All this said ... I would not, personally, copy a gaming book if I intended to play in the game; I'd either buy it or borrow someone else's edition.
In fact, one campaign I was in used a version of Hero System rules so heavily modified that one of the players did an entire electronic rule book, covering the whole game. However, he wouldn't print out or distribute copies of his modified rules for other players unless they'd first bought an edition of Hero System. I thought that was a good way to handle it.
THe interesting point about all of this is that "fair use" -- as long as it's fair --usually favors artists, authors, and other creators. I might not be able to convince a whole gaming group to buy a new game so we could play it, but if I buy one copy for myself and let them use it -- even to the extent of copying it -- that gives the game exposure. And if the players really are fair about the whole "fair use" aspect of it, they may discover that they like it and want to own it for themselves, to play with other people. And so on.
You;ll rarely hear authors complain about libraries lending out their books "for free" either, for much the same reason: they get exposure.
But undeniably, "unfair use" is destructive to creators (I understand the Commodore 64 died, in part, under such widespread piracy that it became impossible for game developers to make money producing games for the platform). Drawing the line between fair and unfair, in both a moral and a legal sense, is problematic.
All that aside: I liked your post, and agree so completely with the general anti-piracy sentiment that I feel rather silly for playing devil's advocate on this issue.
no subject
Date: 2003-09-19 11:25 am (UTC)As a gamer and game developer, I kind of feel this way about it:
If you want to see if you'd like a game, or if you only want to do char creation once and not really refer to the book regularly at all, sure, borrow a copy, and copy out the relevant sections. I lend out books all of the time. If all you really want is the three pages of the elf stats and the writeups for the ten spells your character can cast, go ahead and copy those out. And if it's easier for you to use a marked-up, photocopied, version of a book you own to play the game, keeping your original pristine on the shelf, by all means, go for it.

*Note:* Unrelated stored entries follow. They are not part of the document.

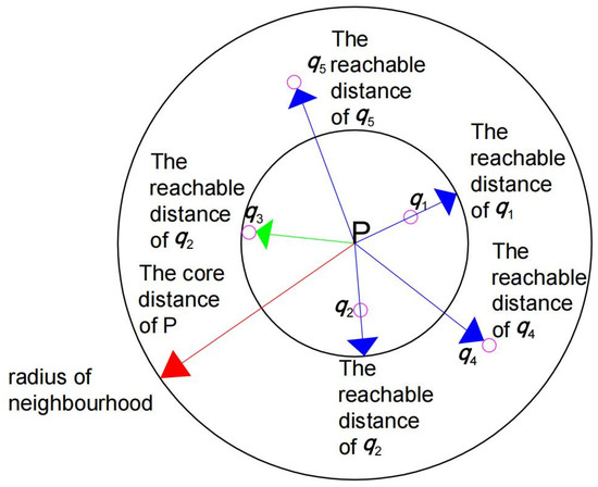 As shown in Figure 1, we assume that the initial parameter sets the minimum number of points in the neighborhood radius to three. At point P, if the count of neighboring points within the neighborhood radius exceeds three, then point P is marked as the core point and its core distance is the third closest point to it . The distance between this point and point P is = . The distance from P is less than , , and . The reachable distance is the core distance P; that is, = , and the distance from P is greater than of and The reachable distance is the distance between them and P; that is, = .
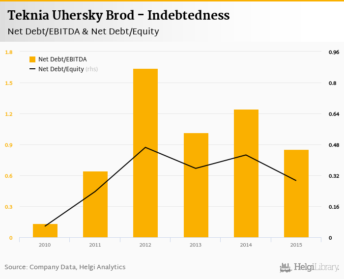 Teknia Uhersky Brod's net debt stood at CZK 72.2 mil and accounted for 0.293 of equity at the end of 2015. The ratio is down 0.133 pp compared to the previous year.
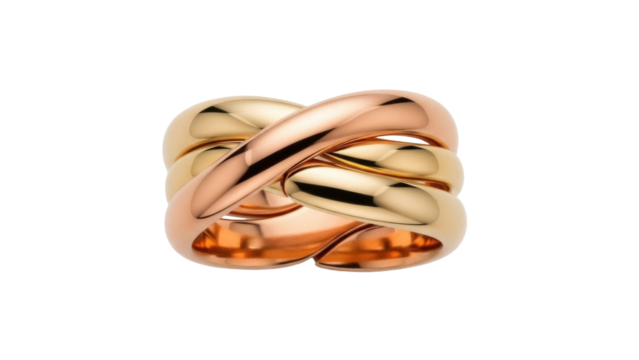 Isolated interlaced tricolor ring, elegant intertwined golden and rose gold bands, shiny object
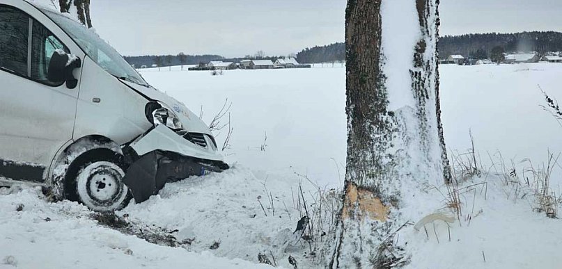 Zjechał na pobocze i uderzył w drzewo. Dwie osoby ranne
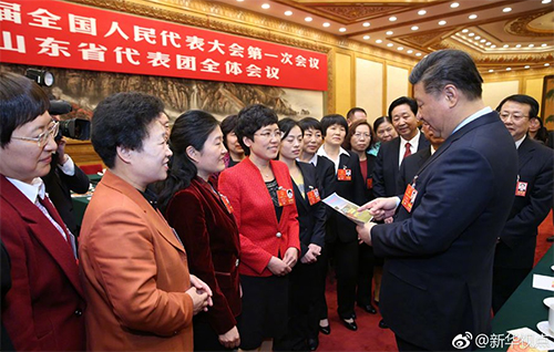 3月8日上午,习近平参加山东代表团审议。习近平代表党中央,向妇女代表、委员及全国各族各界妇女同胞,致以节日的祝贺和诚挚的祝福。
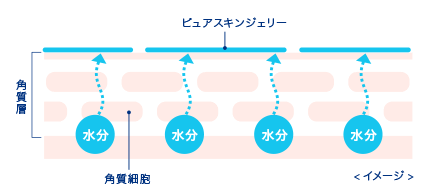 お肌の表面をピュアスキンジェリーがコーティングし、 肌の内側の水分を逃さない。だから、うるおいがずっと続く!
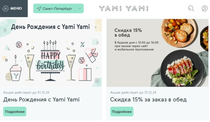 Также в ваш день рождения сервис YAMI YAMI предоставляет скидку, которая приравнивается к количеству исполнившихся лет. Например, если вам исполнилось 20 лет и вы решили отпраздновать день рождения в YAMI YAMI, то получите 20% скидку. Максимальная скидка составляет 35%. Иными словами, если вам исполнилось 40 лет, то вы получите 35% скидку.
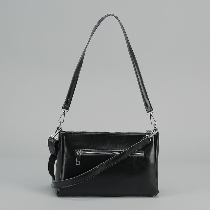 Сумка женская, отдел на молнии, 2 наружных кармана, длинный ремень, цвет чёрный
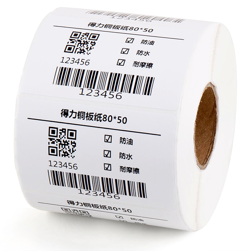 得力(deli)通用铜版纸不干胶标签纸/条码纸/打印贴纸 热转印打印纸 铜板卷纸空白贴纸 80*50mm 1000张/卷(11914)

But in good faith, if what you are doing is copying cover to cover, opening up your copy, taking it home, and using it regularly the same exact way you'd use a purchased gamebook, except that you don't want to pay for it, please reconsider, especially if it's a small-press book.
no subject
Date: 2003-09-19 03:15 pm (UTC)no subject
Date: 2003-09-20 11:34 pm (UTC)(Last gaming book I ever copied out of was the AD&D monster manual, mainly because they don't print that version no more.)
no subject
Date: 2003-09-21 06:29 am (UTC)I have zero problem with copying out-of-print stuff. Entirely different topic.